Poetry and activism became intertwined for him during this time. He co-founded a pan-racial group of student writers who called themselves Freedom Writers Spoken Word Collective. They wrote together, supported one another and performed at open mics, protest rallies and political events. They attended anti-imperialism protests against the reopening of military bases in the Philippines, rallied on behalf of Filipino airport screeners losing their jobs in the wake of 9/11, and worked with a statewide coalition to pressure the UC Regents to repeal anti-affirmative action policies. The way Perez sees it, these extracurricular activities were crucial components of his education.

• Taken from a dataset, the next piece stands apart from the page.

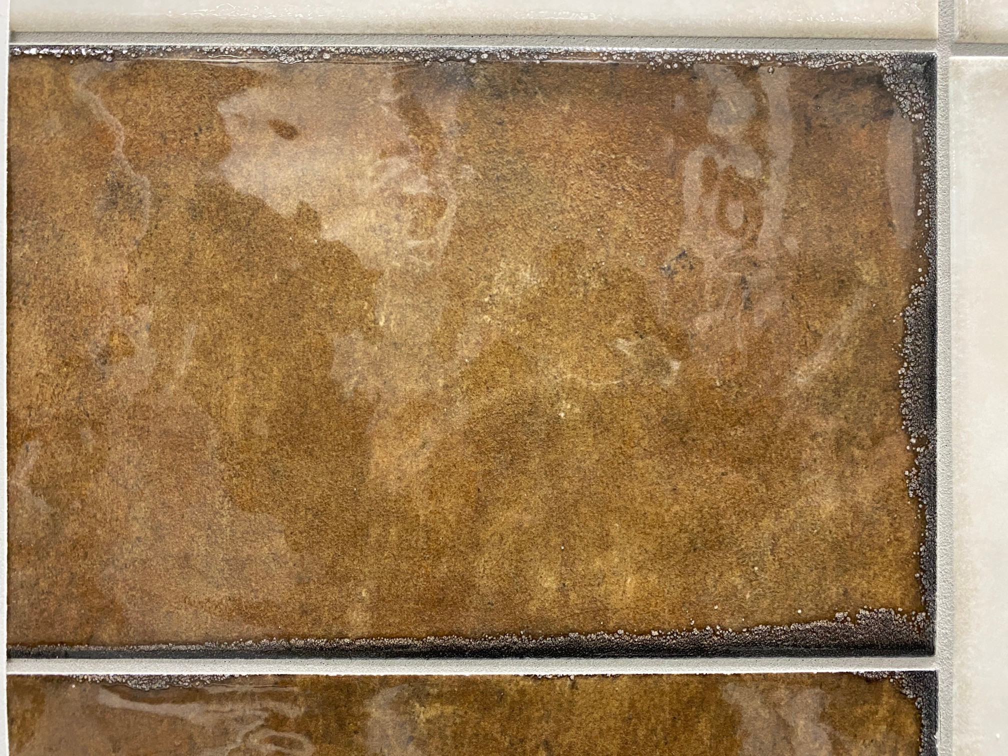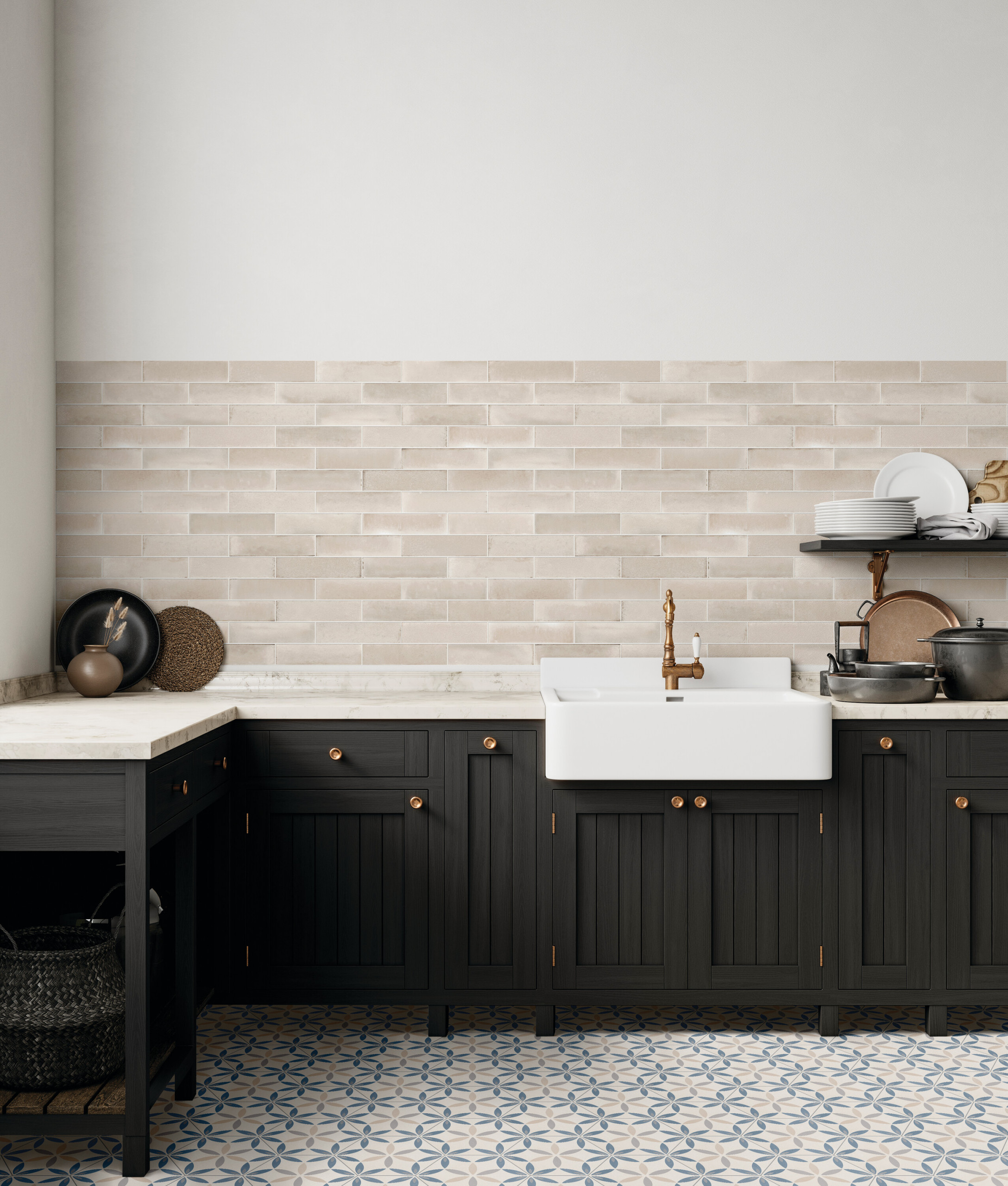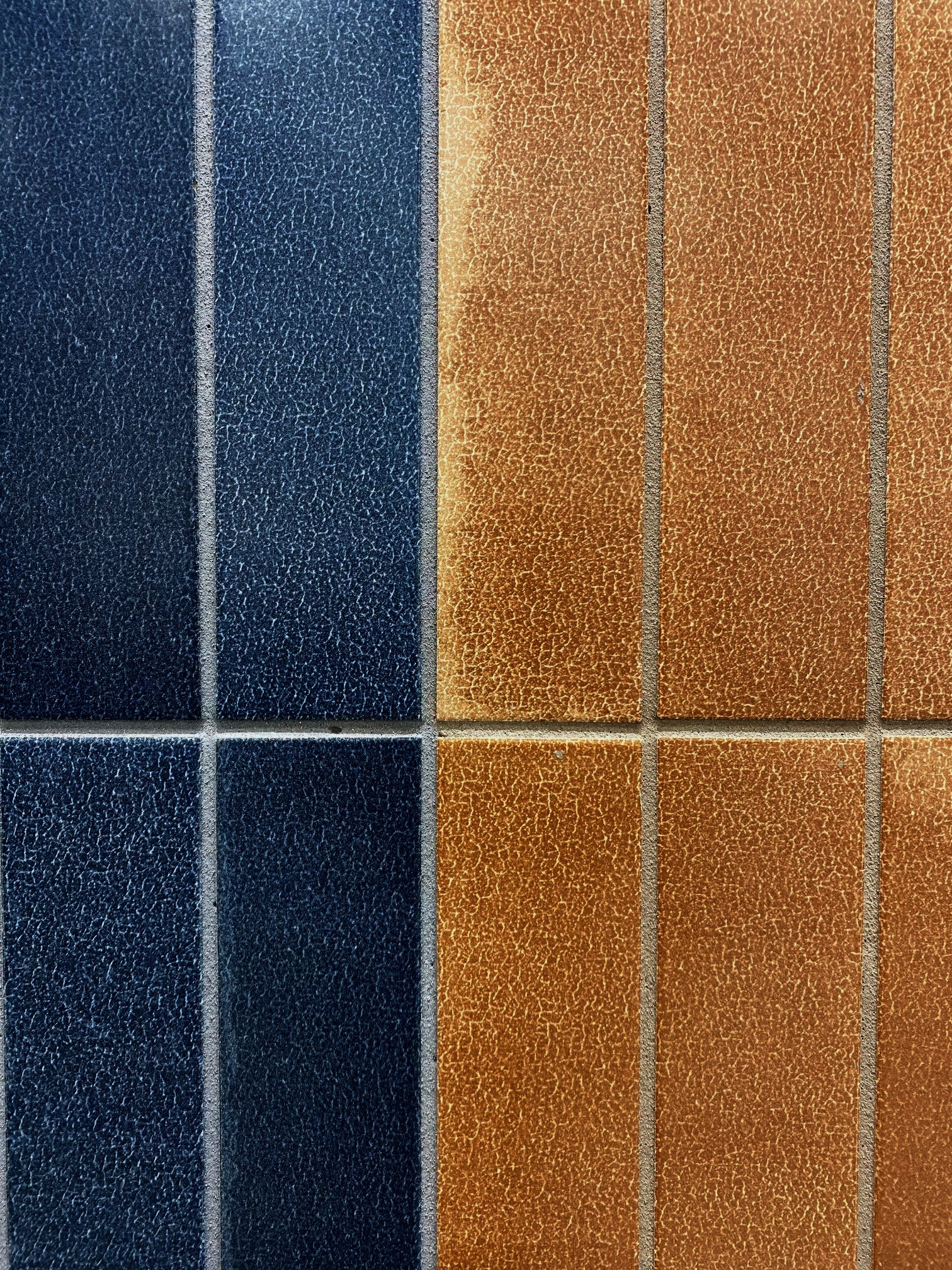 Marazzi’s new Inyo porcelain tiles have a crackled surface that gives them a rustic look. The 2-by-8-inch tiles seen here are in Indigo and Ember. Other colors are Olive, Crema and Ink, and other shapes include 8-inch hexagons, 1-by-6-inch mosaics and penny rounds.

“My political science classes taught me about laws and court cases, governmental structures and the legislative process,” he says. “But these kinds of experiences outside the classroom helped to sharpen what I believed and figure out how I could contribute to my community.”
For some poets, the love of poetry precedes all, yet this was not the case for Perez. “I fell in love with communities first, communities fighting for liberation and dignity,” he says. “Poetry happened to be the language that accompanied that love, and helped me articulate and reflect on it.”
Love would prove to be at the center of his work when, after graduating from UC San Diego with a Bachelor of Arts in political science, he returned eight years later to pursue a second masters degree in ethnic studies (he received his first, a Master of Fine Arts in writing and consciousness, from the New College of California in 2006) and a dual doctorate in communication and ethnic studies. In his dissertation, Critical Race Poetics and the Ghostly Matter of U.S. v Narciso and Perez, he examines the motivations behind his own storytelling and performance practice and writes, “I have studied, restudied, written, rewritten, performed, recorded, invented, and reinvented poems, fictions, performances, videos, films — all in an attempt to grasp some aspect of my mother’s (and Narciso’s) past.”
Indeed, he has produced an impressive body of work, including three books of poetry and a number of multimedia performance works to explore Filipino American histories, colonialism and memory as well as interpret his own lived experience.
Today, Perez is an associate professor and director of the ethnic studies program at Cal State San Marcos, where he encourages his students to think about their personal stories. He was appointed the poet laureate of the city of San Diego for 2023-24. And in July, he received a laureate fellowship from the Academy of American Poets.
“Being affirmed for my work and recognized for that is important, but it’s not about me,” he says. “It’s about using the position to start building some momentum for and with San Diego’s youth.”
Perez will collaborate with San Diego-based nonprofit organizations, city offices and schools to launch a program that bridges ethnic studies and poetry and cultivates a rich youth writing culture in San Diego. “Poetry is grounded in bigger questions of community building and empowerment to articulate ourselves, our desires and our visions,” says Perez. And he’s taking every opportunity to demystify poetry and encourage its use as a tool for individual and collective agency.